I think you have to main consumer groups, those that value credibility over price and those that are price buyers specifically, where credibility of a seller plays a much lessor role to the value of the product.
So how do you counter both?
My advice is to produce a professional image. Of course the more feedback you have the more credibility you will have among that core group of consumers, but if you don't have the feedback, then you should at least present the best possible image. Within that image, you take the opportunity to then introduce yourself (your business self) as a new company, venture or whatever and you use that as a plus, not a negative.
So welcome to (such), we're (about us) and as a special offer to our new customers (insert special offer here)
So you've introduced your business, you've told customers all about your business, your products and your service and now the final hit is the special offer. The intro side caters to the credibility factor, the special offer caters to the price factor, so make the special offer good.

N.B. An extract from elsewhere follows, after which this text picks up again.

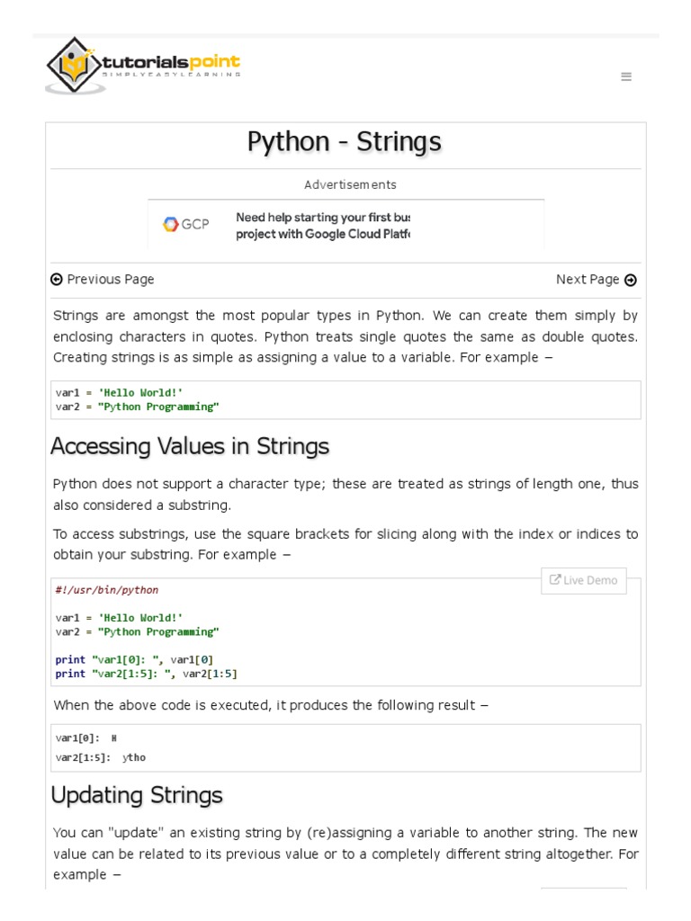 Python - Strings: Accessing Values in Strings | PDF | String (Computer ...

Even if you list 6 products at cost, that is what they cost you all up, all costs taken into consideration. Yes, you're not making money, but you're building a customer base and that builds long term credibility.
A really important thing to remember about any business is that it's a marathon, not a sprint. You can't be successful in business over the first 4 weeks, doesn't matter how many sales you get. If you're not there for the 5th week and on, then it wasn't a success. So it doesn't matter how slowly you have to crawl to get started, getting started is the most important part and then you have something to start building on.
Regarding reviews, I don't personally put much credibility into any reviews unless through something like the BBB. If I was going to sell a product I had never personally seen, I would buy one for myself to test it before ever trying to sell it to someone else, unless it was a well respected brand in the market place.